Separate from the bill package, he has sponsored a bill to exclude prisoners in criteria for population-based grants from the U.S. Department of Agriculture.

Constituents are frustrated that people in metropolitan areas have access to new infrastructure while rural residents lack basics, these lawmakers said. Rep. Sean Duffy, (R., Wis.) cited the fact that Milwaukee was building a $128 million streetcar line "and we don't even have broadband in northern Wisconsin."

He said that the bill package represents the first stage of an effort by rural lawmakers to support each other's diverse needs and help small towns.
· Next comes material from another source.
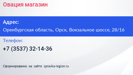 Овация, магазин по адресу Оренбургская область, Орск, Вокзальное шоссе, 28/16 в дальнейшем Организация, размещена в следующих категориях: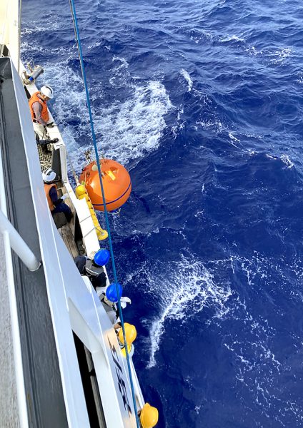 実習はLeg1(6/7-6/14)とLeg2(6/15-6/22)の2部構成で実施され、Leg1ではトカラ海峡西方の観測点から南下しながら倒立型音響測深機(CPIES)の回収作業を4点、係留型流速計の回収4点および設置2点、その他CTDおよびXCTDによる海洋観測、GPDブイの投入によるデータ収集を行い、終了後は与論島茶花港に向けて航行しました。

He said the group deliberately chose simple ideas and sought little new funding — $100 million spread across five years.

Rep. David Young (R., Iowa) said parts of his district lack cellphone service. The House recently passed his measure to require the FCC to tighten regulation of firms that provide important intermediate links for landline service in rural areas to ensure better service.

Mr. Duffy cited urban economies of scale, especially in providing human services. Rural areas can get money to house homeless, but they struggle with associated issues such as addiction or mental illness, something urban areas have more infrastructure to handle. One proposal in the package would let rural areas hire case workers with some of the funds they receive to house the homeless.

The group also includes Reps. Rod Blum (R., Iowa), Mike Bost (R., Ill.), John Faso (R., N.Y.), Greg Gianforte (R., Mont.), Richard Hudson, (R., N.C.), Will Hurd (R., Texas), Bruce Poliquin (R., Maine) and Lloyd Smucker (R., Pa.).